14. The system of claim 11,

when the information indicates that the number of the marked texts is less than 10 ten thousand, the training unit determines a naive Bayes classification algorithm based on a polynomial as a model algorithm for text classification;

when the information indicates that the number of the labeled texts is between 10 ten thousand and 100 ten thousand, the training unit determines an algorithm for classifying the texts by using a convolutional neural network as a model algorithm for text classification;

when the information indicates that the number of the marked texts is more than 100 ten thousand, the training unit determines an algorithm for classifying the texts by using a shallow network as a model algorithm for text classification.

15. The system of claim 11,

when the information indicates that the number of the marked texts is less than 10 ten thousand or more than 100 ten thousand, the training unit determines an algorithm for classifying the texts by using a shallow network as a model algorithm for text classification;

when the information indicates that the number of the labeled texts is between 10 ten thousand and 100 ten thousand, the training unit determines an algorithm for classifying the texts by using the convolutional neural network as a model algorithm for text classification.

16. The system of claim 11, wherein the training unit trains a classification model using the set of labeled text according to a determined model algorithm and preset initial hyper-parameters corresponding to the determined model algorithm.

17. The system of claim 11, wherein the training unit trains the classification model using the labeled text set according to a determined model algorithm and a preset initial hyper-parameter corresponding to the determined model algorithm through a corresponding auto-parametrization scheme.

18. The system of claim 11, wherein the interaction unit further provides a user with controls for configuring hyper-parameters of the particular candidate model algorithm.

19. The system of claim 11, wherein the training unit trains a classification model using the set of labeled text according to the particular candidate model algorithm and a preset initial hyper-parameter corresponding to the particular candidate model algorithm.

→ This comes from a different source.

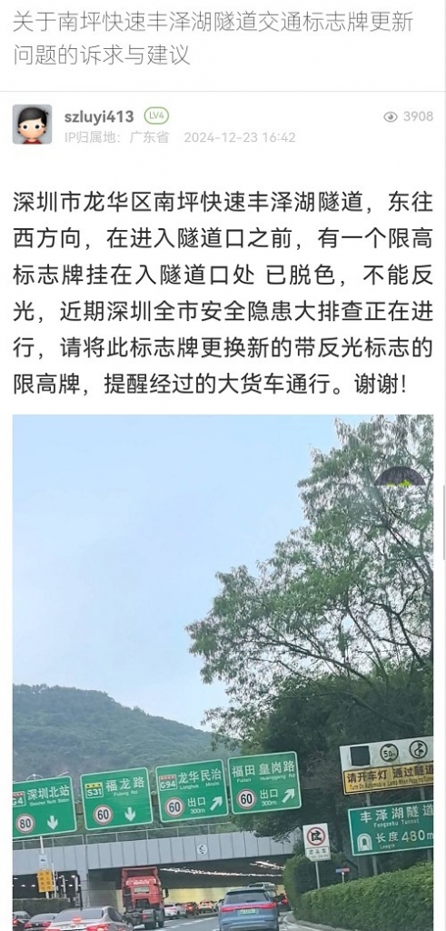 20. 帖文《关于南坪快速丰泽湖隧道交通标志牌更新问题的诉求与建议》

20. The system of claim 11, wherein the training unit trains the classification model using the labeled text set according to the specific candidate model algorithm and a preset initial hyper-parameter corresponding to the specific candidate model algorithm through a corresponding auto-parametrization scheme.

21. A method of performing a machine learning process for text classification, comprising:

acquiring a label text set;

analyzing the marked texts in the marked text set to obtain information about at least one of the length of the marked texts, the quantity of the marked texts and the quantity of the marked types;

determining a model algorithm for text classification based on the information; and

and training a classification model by using the labeled text set according to the determined model algorithm.

22. A system for performing a machine learning process for text classification, comprising:

the acquisition unit is used for acquiring the label text set;

the training unit is used for analyzing the marked texts in the marked text set under the condition that the user selects the default model algorithm through the option corresponding to the default model algorithm to obtain information about at least one of the length of the marked texts, the quantity of the marked texts and the quantity of the marked types; determining a model algorithm for text classification based on the information; and training a classification model by using the labeled text set according to the determined model algorithm.

23. A computer readable storage medium, characterized in that the computer readable storage medium stores program instructions that, when executed by a processor, cause the processor to perform the method of any of claims 1 to 11 and 21.

24. A computing device, comprising:

a processor;

a memory storing program instructions that, when executed by the processor, cause the processor to perform the method of any of claims 1 to 11 and claim 21.